• WHAT YOU ARE ASKED TO DO
What is printed must match, line for line, the records from their first line through the line containing "该变量的数值大小反映股票收益分布左偏的程度,股票收益越左偏,崩盘风险越大。", with pictures left out.

--- DATA UNDER STUDY ---

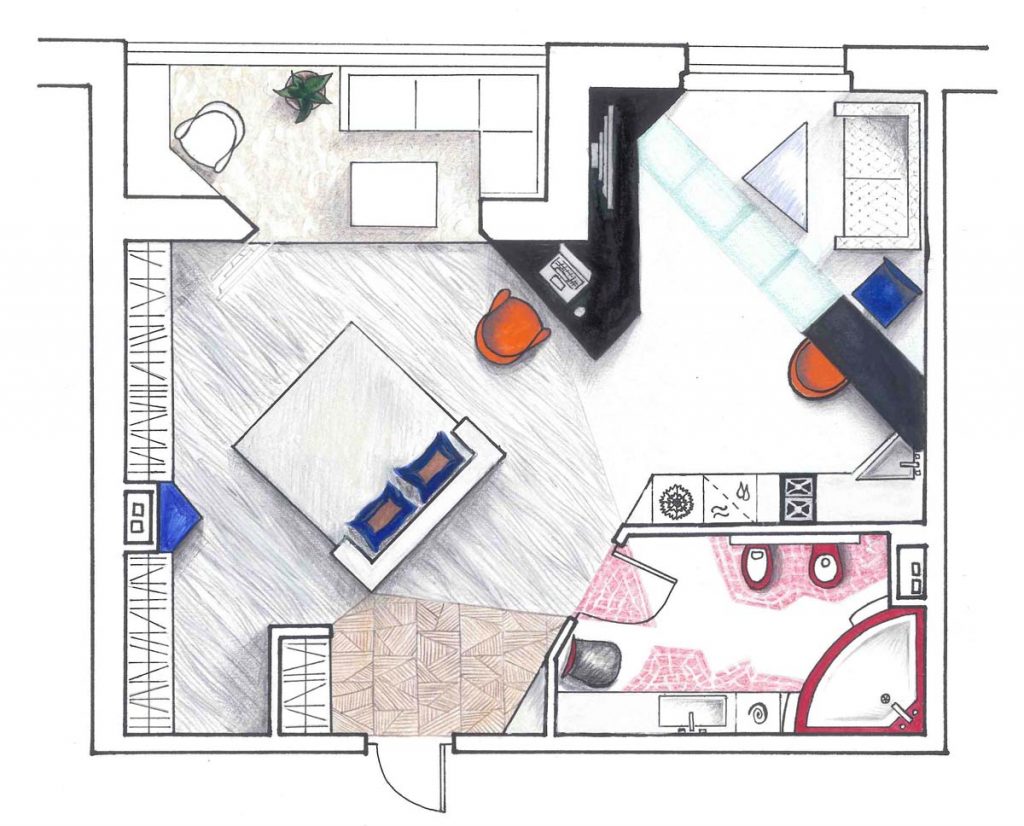 4. Для двухкомнатных квартир и других небольших жилищ идеальным вариантом может стать разделение гостиной на отдельные участки, например на зону развлечений и домашний офис, как на следующей схеме.
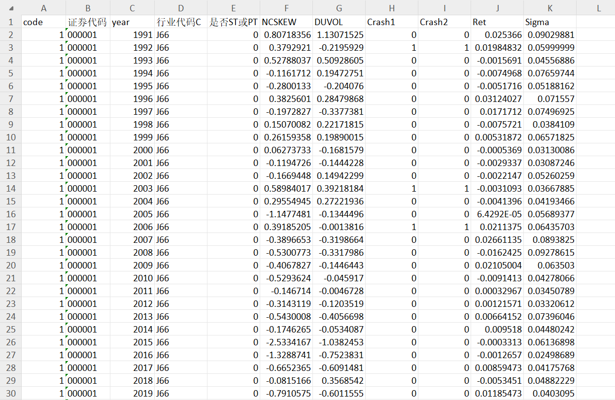 该变量的数值大小反映股票收益分布左偏的程度,股票收益越左偏,崩盘风险越大。
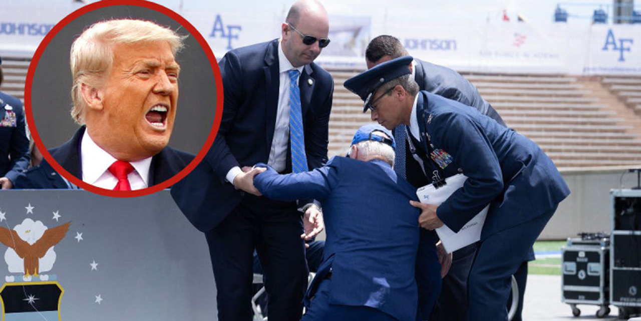 El expresidente de Estados Unidos, Donald Trump. Parecía compadecerse de Joe Biden tras haberse caído en la ceremonia de graduación de la Academia de la Fuerza Aérea del jueves en Colorado, recordando su paso inestable por una rampa “resbaladiza” en la ceremonia de graduación de West Point en 2020.
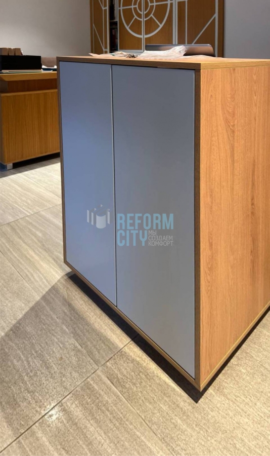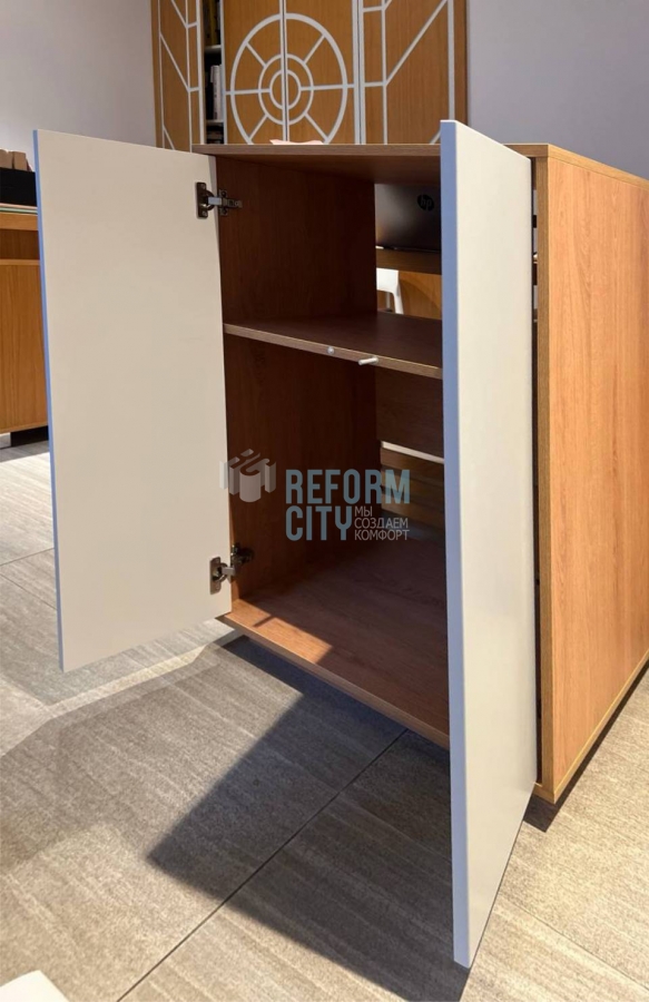 Офисная тумба с лаконичным дизайном. Фасады гладкие, светлые, без ручек. Открывание от нажатия.
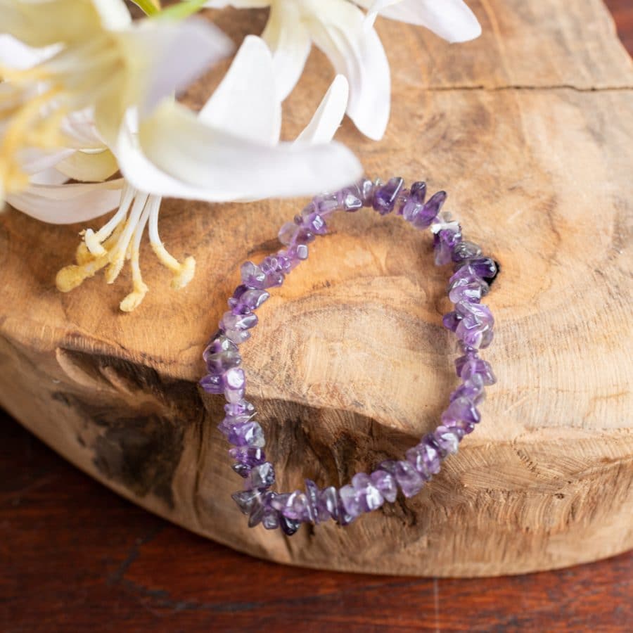 Splitarmband Amethist met splitstenen van ca. 5 tot 10 mm. Amethist is een purperkleurig kwartskristal. Kleuren variëren van licht lavendel tot diep violet. Amethist kristallen staan bekend om spirituele eigenschappen en ze kunnen worden gebruikt ter ondersteuning van het verhogen van je bewustzijnsniveau. Men zegt dat ze een brug vormen tussen aardse en etherische werelden, waardoor er een opening komt naar spiritueel bewustzijn.
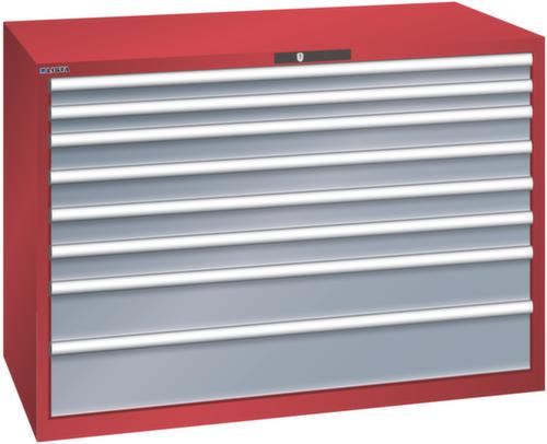 "longDescription": "LISTA Schubladenschrank, Lista Einheit: 78x36E, BxTxH: 1431x725x1000mm, Schubladen-Nutzfläche BxT: 1326x612mm, Anzahl Schubladen: 8, Anzahl Fronthöhen (Tragkraft): 2x75mm (200kg), 4x100mm (200kg), 1x150mm (200kg), 1x200mm (200kg), Schliessart: Code Lock, elektronisches Zahlenschloss mit 10 Ziffern für 4- bis 6-stellige Codes, bis 100 Codes, Farbe Gehäuse: Rubinrot RAL 3003, Farbe Schubladen: Grau metallic NCS S 6502-B. Höchste Stabilität: Gehäuse bis 4t belastbar, Schubladen mit 75 oder 200 kg Tragkraft. Maximale Ausnutzung dank Vollauszug und optimaler Mantelhöhe der Schubladen. Exzellente Schutzeigenschaften gegen Schmutz, Flüssigkeiten und mechanische Beanspruchung durch geschlossenes Gehäuse mit schlag- und abriebfester Oberfläche. Überzeugende Sicherheit: Aushebesicherung gegen Herausfallen der Schubladen und Einzelschubladensperre als Kippschutz. Korrosionsschutz durch Elektrophorese-Tauchlackierung und umweltfreundlichen Pulverlack. Optimale Ordnung und Organisation dank speziellem LISTA-Einteilungsmaterial für jeden Zweck und gelochter, geschlitzter Schubladen. Professionelle Beschriftung mit Beschriftungssoftware LISTA Script und hochklappbarer Griffleiste zum Einlegen der Etiketten. Perfekte Laufruhe durch traversenlos geführten Differenzialauszug. Flexible Anpassungsmöglichkeiten durch vorperforierte Löcher für Tischplatten (Punchout), Rollen, Schubladen, Schliesssysteme für einfaches Um- und Nachrüsten<br>",
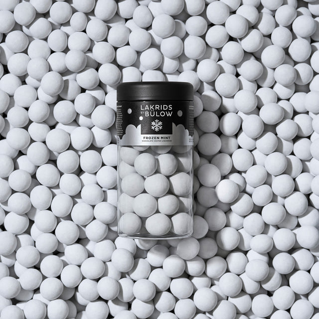 FROZEN MINT will make sure that you get to enjoy a fresh and white winter. Treat yourself to sweet licorice and soft milk chocolate with a hint of mint. A crispy shell of white sparkling sugar will make you think of white, freshly fallen snow.
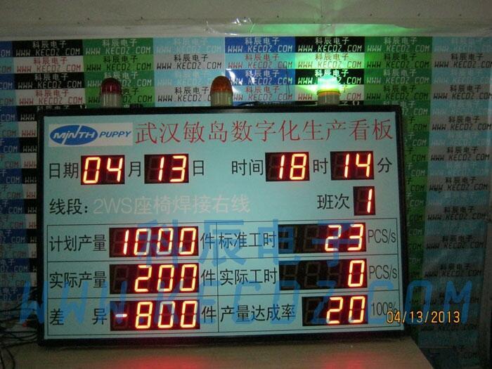9.其他功能:看板内置时段管理功能,可设置任意时刻暂停或启动,可设置自动清0或赋值(如每日生产8点前实际产量数自动清0,早中晚班计划数量自动切换,生产休息时间自动开始暂停等) 可以设置30个时段;看板上所有数据(除点阵上的文字)均可由现场遥控器修改。

---

• EXERCISE SOLUTION
 4. Для двухкомнатных квартир и других небольших жилищ идеальным вариантом может стать разделение гостиной на отдельные участки, например на зону развлечений и домашний офис, как на следующей схеме.
 该变量的数值大小反映股票收益分布左偏的程度,股票收益越左偏,崩盘风险越大。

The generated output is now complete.